With a monotone missing-data pattern a single pass (`n_iter = 1`) is sufficient.
For complex interlocking patterns, 5--10 iterations is typical. The OOP interface
avoids R-level data copies and is fastest for large datasets.

---

# Generating Correlated Data with `corrData`

The `corrData` module generates correlated data for simulations.
This is useful for creating test datasets with known properties.

```{r corrdata-example}
# 3 continuous variables, 100 observations
means <- c(10, 20, 30)
cor_matrix <- matrix(c(
  1.0, 0.7, 0.3,
  0.7, 1.0, 0.5,
  0.3, 0.5, 1.0
), nrow = 3)

cd <- new(corrData, 100, means, cor_matrix)
sim_data <- cd$fill("contin")
round(cor(sim_data), 2)
```

```{r corrdata-discrete}
# With 2 categorical variables: first argument is nr_cat
cd2 <- new(corrData, 2, 200, means, cor_matrix)
sim_discrete <- cd2$fill("discrete")
head(sim_discrete)
```

---

# Tips

- **Creating matrices from data frames:** R matrices hold only one type.
  Convert factors with `model.matrix()`:
  ```r
  mtcars$cyl <- factor(mtcars$cyl)
  model.matrix(~ ., data = mtcars, na.action = "na.pass")
  ```

- **Collinearity:** Always check `VIF()` before imputing. High VIF (>10) indicates
  collinearity that can destabilize imputation models.
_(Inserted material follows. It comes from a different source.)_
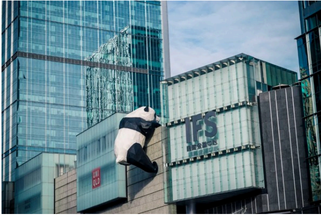
Check-in Gấu trúc treo tường tại phố đi bộ Xuân Hy Thành Đô
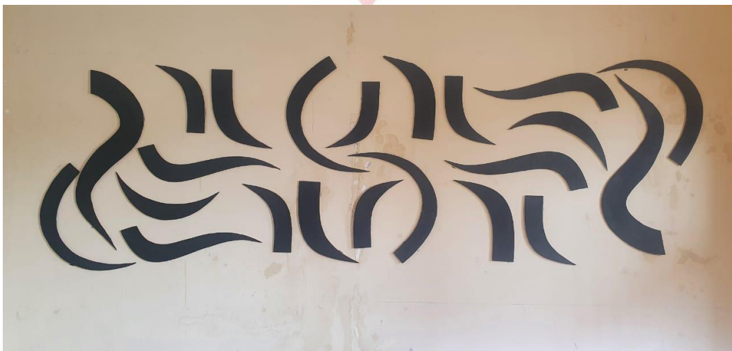
Gambar . 5 karya final

- **Error handling with groups:** Small groups may not have enough observations.
  Wrap `fill_NA()` calls in `tryCatch()`:
  ```r
  tryCatch(
    fill_NA(x = ., model = "lda", posit_y = "y", posit_x = c("x1", "x2")),
    error = function(e) .[["y"]]
  )
  ```

- **BLAS optimization:** Install an optimized BLAS library for significant speedups:
  - **Linux:** `sudo apt-get install libopenblas-dev`
  - **macOS:** See [R macOS FAQ](https://cran.r-project.org/bin/macosx/RMacOSX-FAQ.html#Which-BLAS-is-used-and-how-can-it-be-changed_003f)

---

# References

- Rubin, D.B. (1987). *Multiple Imputation for Nonresponse in Surveys*. John Wiley & Sons.

- Barnard, J. and Rubin, D.B. (1999). Small-sample degrees of freedom with
  multiple imputation. *Biometrika*, 86(4), 948-955.

- van Buuren, S. (2018). *Flexible Imputation of Missing Data* (2nd ed.). Chapman & Hall/CRC.

- Eddelbuettel, D. and Sanderson, C. (2014). RcppArmadillo: Accelerating R with
  high-performance C++ linear algebra. *Computational Statistics and Data Analysis*, 71, 1054-1063.